Las palabras de Susana, la esposa de Abraham, el protagonista, se le parecieron tanto a las historias de su hermana que mi amigo decidió enviarle un ejemplar del libro de Tomás González. Para que oyera esos cuentos sabidos y vividos en una voz más elocuente que la del locutor de pueblo. La hermana respondió con los agradecimientos de rigor y una frase desconcertante: “Ahh, yo tengo unas fotos de todo eso”. A los pocos días llegó a la casa de mi amigo un paquete con treinta fotos bien guardadas en una bolsita de Coltejer, “el primer nombre en textiles”. Se nota que las fotos se han guardado como una especie de tesoro terrible. Un tabú para el fondo de los cajones que no es posible botar ni exhibir ni siquiera mirar muy seguido. Sus bordes están intactos, no tienen marcas de dedos, no están blanqueadas por la luz. Guardan una extraña cualidad secreta, un aire recóndito y tenebroso, como si fueran una inscripción recién descubierta.
Las fotos fueron tomadas por un agente de comercio que recorría los departamentos del viejo Caldas y Tolima. Según cuenta la hermana de mi amigo eran cinco agentes que caminaban con su aire de oficinistas vendiendo telas, chécheres de cocina, radios de pilas y quién sabe qué otras novedades. Ahora uno puede imaginarlos como testigos destinados a contar en las ciudades las historias de sangre traídas de los pueblos. Entregaban su menaje de primicias mercantiles y volvían con una carga de muertos que era obligatorio describir. Para el observador desprevenido una muerte impone siempre un relato.

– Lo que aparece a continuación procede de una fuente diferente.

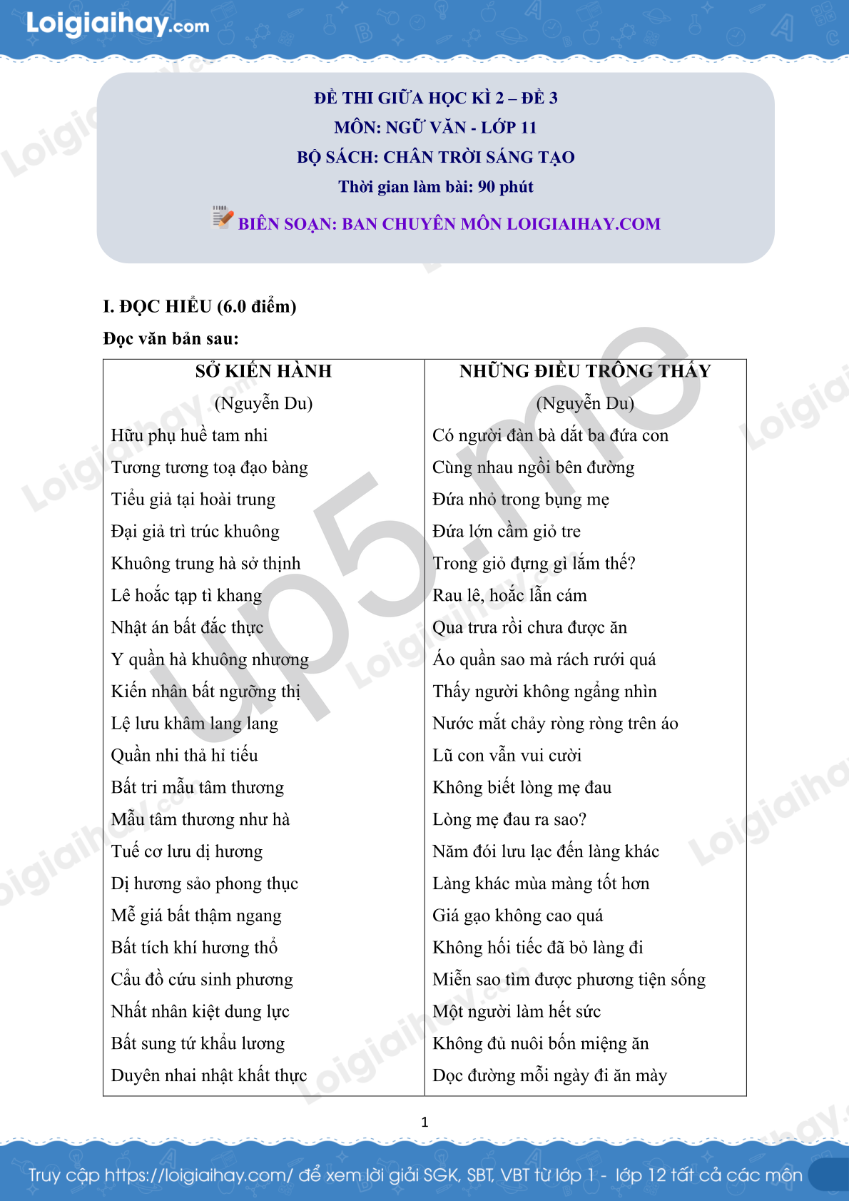 MÔN: NGỮ VĂN - LỚP 11

Pero uno de los agentes de comercio no se contentaba con la simple cháchara. Según las palabras de la hermana de mi amigo el hombre “era muy bueno para recoger heridos y fotografiar muertos”. Las correrías le despertaron un alma de enfermero y detective forense que seguro terminó perjudicando al comerciante. Las fotos que tomó ese hombre, no sabemos si conmovido o inconmovible, son las que se pueden ver en estas páginas. Fotos que borran las palabras de las historias de La Violencia —esa que se ganó las mayúsculas hace cincuenta años— y nos dejan el espanto, los puntos suspensivos, las muecas, los ojos cerrados y el reflejo de una expresión aprendida: ¡ay, Dios!

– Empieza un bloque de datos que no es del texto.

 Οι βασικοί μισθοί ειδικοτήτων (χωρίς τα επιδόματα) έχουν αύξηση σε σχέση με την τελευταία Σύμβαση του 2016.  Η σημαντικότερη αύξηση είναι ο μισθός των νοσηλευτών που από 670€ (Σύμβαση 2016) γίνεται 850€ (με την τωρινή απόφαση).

Las fotos fueron tomadas cerca de Armero algunos años antes del tiempo en el que transcurre la novela. Y es necesario hacer el recuento de memorias que despertó un comentario sobre una lectura compartida. Abraham entre bandidos ha desenterrado las fotos de un agente de comercio con recorridos por Tolima y Caldas en la década del cuarenta, ha sacado a flote los recuerdos turbios de una joven recién casada y recién trasteada a las montañas de Belmira y Liborina en la década del cincuenta, ha obligado al repaso más reciente de un cautivo de estancia corta en la década del noventa en las trochas y los trapiches de Angostura, Campamento y Anorí.
Las coplas de los pájaros en las páginas de la novela pueden servir para el escalofrío final. Ahora se entiende por qué necesitaban pasar toda esa sangre con una larga provisión de botellas de aguardiente.
“…Van a subir los muchachos para darles la lección, hacerlos penar un rato y llevarles el cajón.
(Aplausos).
Les van a hacer la visita pa’darles aguapanela y llevarles camisitas con el corte de franela”.